**Source data**
--- START ---

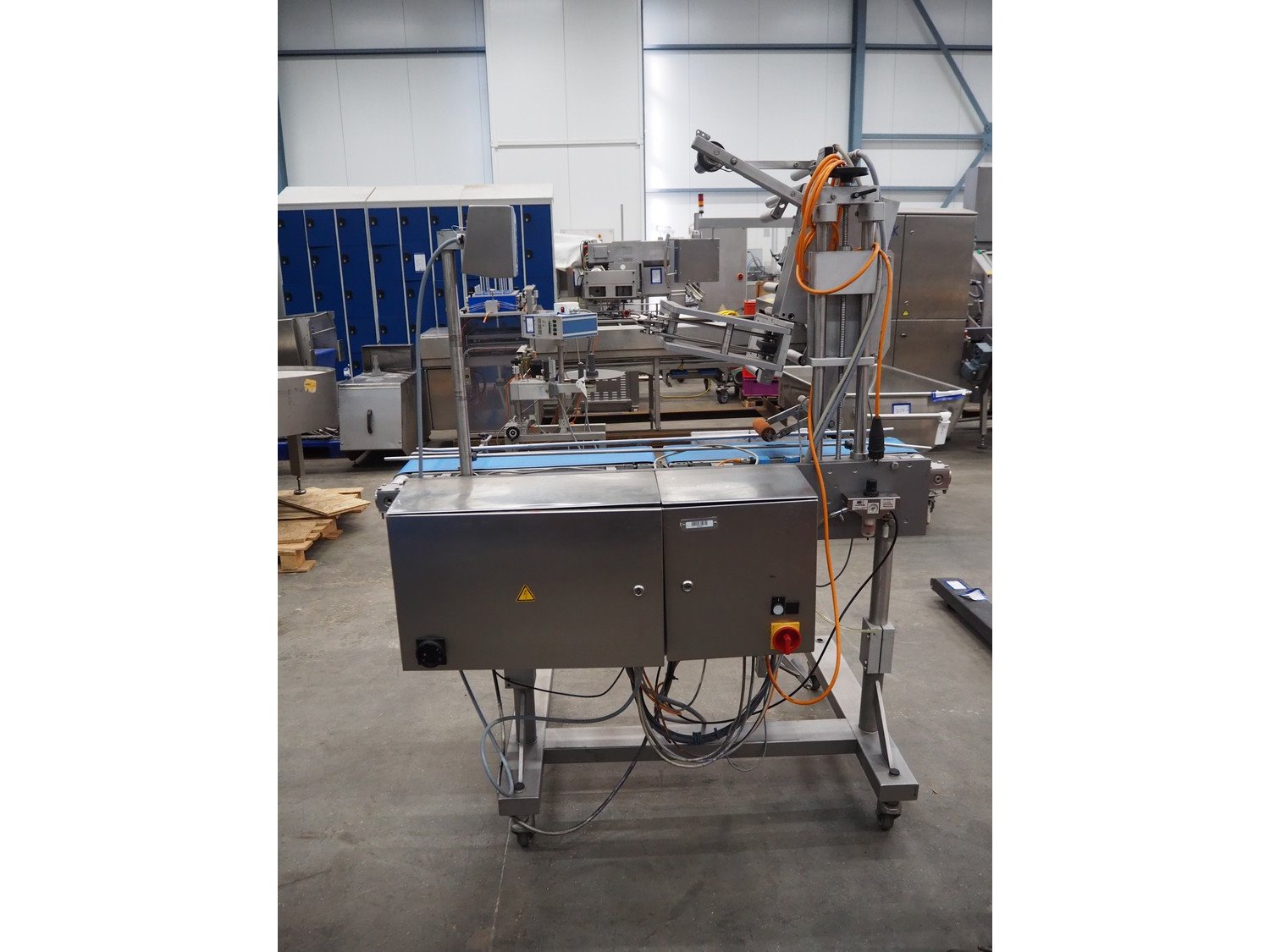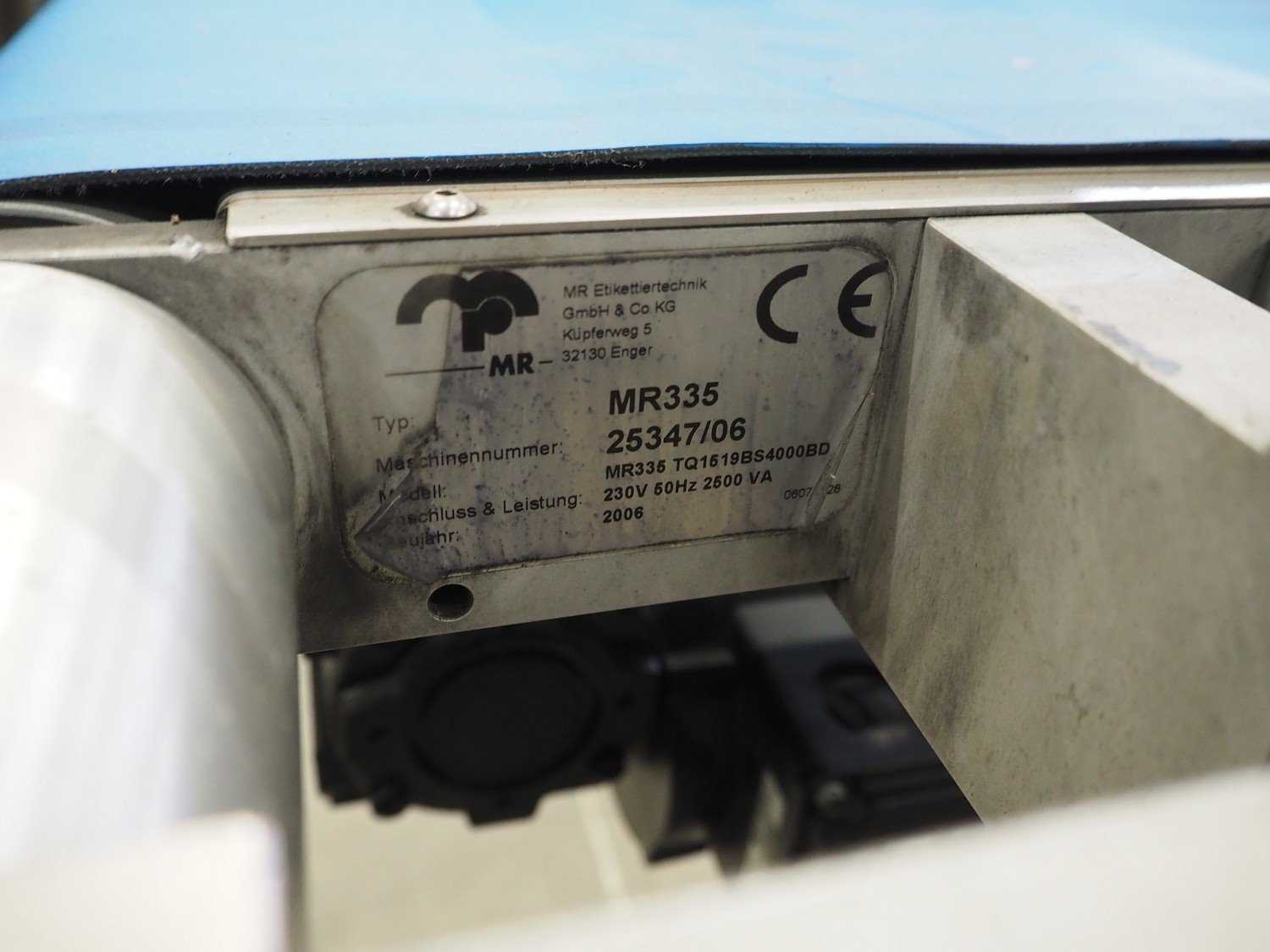 MR Etikettiertechnik mobile labelling machine, type: MR335, machine number: 25347/06, year of construction: 2006, 230 V, 50 Hz, 2500 VA, plastic belt, belt width: 195 mm, total dimensions: 1500 mm x 800 mm x 1800 mm. Kavel locatie: Schouwrooij 29, 5281 RE Boxtel, Nederland
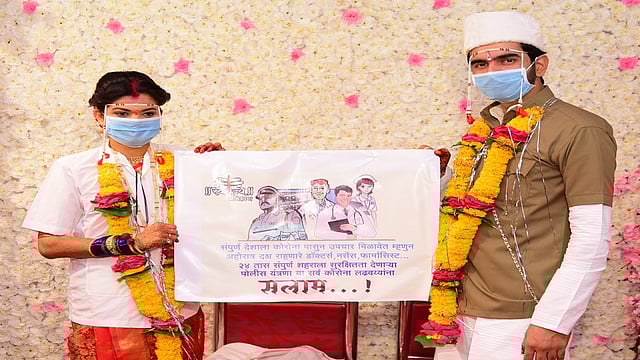 दरम्यान, विवाह सोहळ्याआधी साखरपुडा संपन्न झाला. वधू हर्षदा ही औषधनिर्माण शाखेतील उच्चशिक्षित आहे. कोरोना विरुद्धच्या लढ्यात अनेक डॉक्टर, नर्सेस, आरोग्य, स्वच्छता कर्मचारी आणि पोलिस बांधवांना संसर्ग झाला असून काहींना त्यात जीवही गमवावा लागला आहे. साखरपुड्यावेळी हर्षदाने ऍप्रॉन तर वर राहुलने खाकी रंगाचा शर्ट आणि मास्क परिधान करून त्यांना अनोख्या पद्धतीने श्रद्धांजली अर्पण केली. या विवाह सोहळ्यासाठी पाटील आणि सूर्यवंशी परिवाराने आहेर स्वरुपात रक्कम न स्वीकारता ‘आपण घरीच राहा, सुरक्षित रहा’ हाच आमचा आहेर आहे, असा संदेशही दिला. या आगळ्यावेगळ्या विवाहाची सर्वत्र जोरदार चर्चा सुरू आहे.
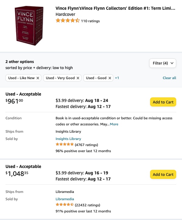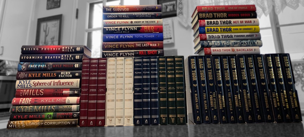 Also. I’ve been picking up the additional, newer volumes at thrift stores over the past five years… the newer books take a while to show up there, but at the moment, I’m currently caught-up except for the Kyle Mills books. He’s an extreme rarity in the used book stores and thrifts, only one or two of his can ever be found there. I might just buy the new Flynn/Thor books brand new as this journey is such a long one, it wouldn’t be right to end it a book early because of the price. It isn’t like the books aren’t worth full, or used price.
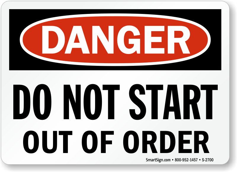 A Danger "do not start out of order" sign can make a huge difference. In your workplace.
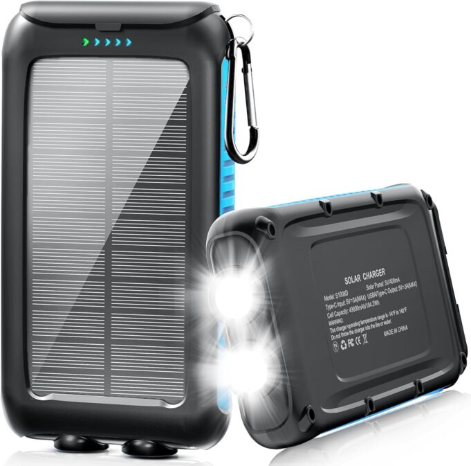 👍Outdoor Waterproof Portable Design: The solar phone charger has a protective cover attached to the outside of the charging/discharging port, so it has a waterproof and dustproof function. In addition, it comes with a carabiner clip that you can hang on your backpack, perfect for outdoor camping, hiking, traveling, cycling, fishing, beach, etc. What you will get: 1*49800 mAh Solar Power Bank, 1*USB Cable, 1*Carabiner, 1* Users Manual, 24-hour friendly customer service.
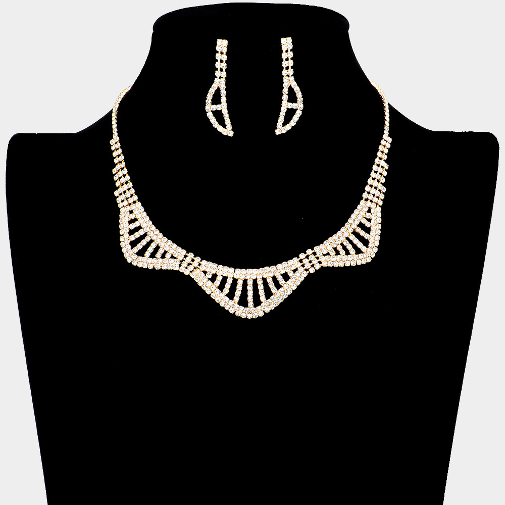 • Elevate your style with this crystal fan necklace and matching earrings set. Featuring a modern geometric design with sparkling stones, this elegant jewelry set is perfect for weddings, parties, and glamorous evening events.
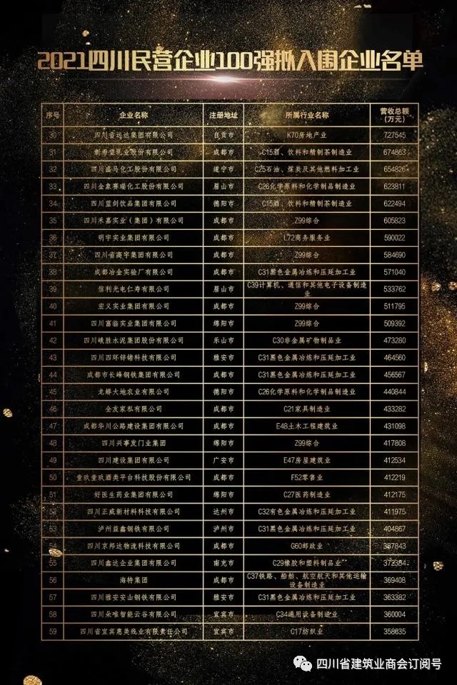 10月9日,四川省工商联在成都发布了2021四川民营企业100强榜单及调研分析报告。这是省工商联在上规模民营企业调研基础上连续四年发布“百强”榜单和相关报告,旨在展示四川民营企业发展实力,推动四川民营经济高质量发展。
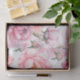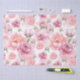 Hermoso papel de regalo sobre un fondo blanco con una variedad de peonías rosadas de acuarela.

--- END ---

**Work task**
Starting at the line with "In your workplace.", reproduce exactly each line through the end of the entries, including the first and the last, and skip the pictures.

**Result for this task**
 A Danger "do not start out of order" sign can make a huge difference. In your workplace.
 👍Outdoor Waterproof Portable Design: The solar phone charger has a protective cover attached to the outside of the charging/discharging port, so it has a waterproof and dustproof function. In addition, it comes with a carabiner clip that you can hang on your backpack, perfect for outdoor camping, hiking, traveling, cycling, fishing, beach, etc. What you will get: 1*49800 mAh Solar Power Bank, 1*USB Cable, 1*Carabiner, 1* Users Manual, 24-hour friendly customer service.
 • Elevate your style with this crystal fan necklace and matching earrings set. Featuring a modern geometric design with sparkling stones, this elegant jewelry set is perfect for weddings, parties, and glamorous evening events.
 10月9日,四川省工商联在成都发布了2021四川民营企业100强榜单及调研分析报告。这是省工商联在上规模民营企业调研基础上连续四年发布“百强”榜单和相关报告,旨在展示四川民营企业发展实力,推动四川民营经济高质量发展。
 Hermoso papel de regalo sobre un fondo blanco con una variedad de peonías rosadas de acuarela.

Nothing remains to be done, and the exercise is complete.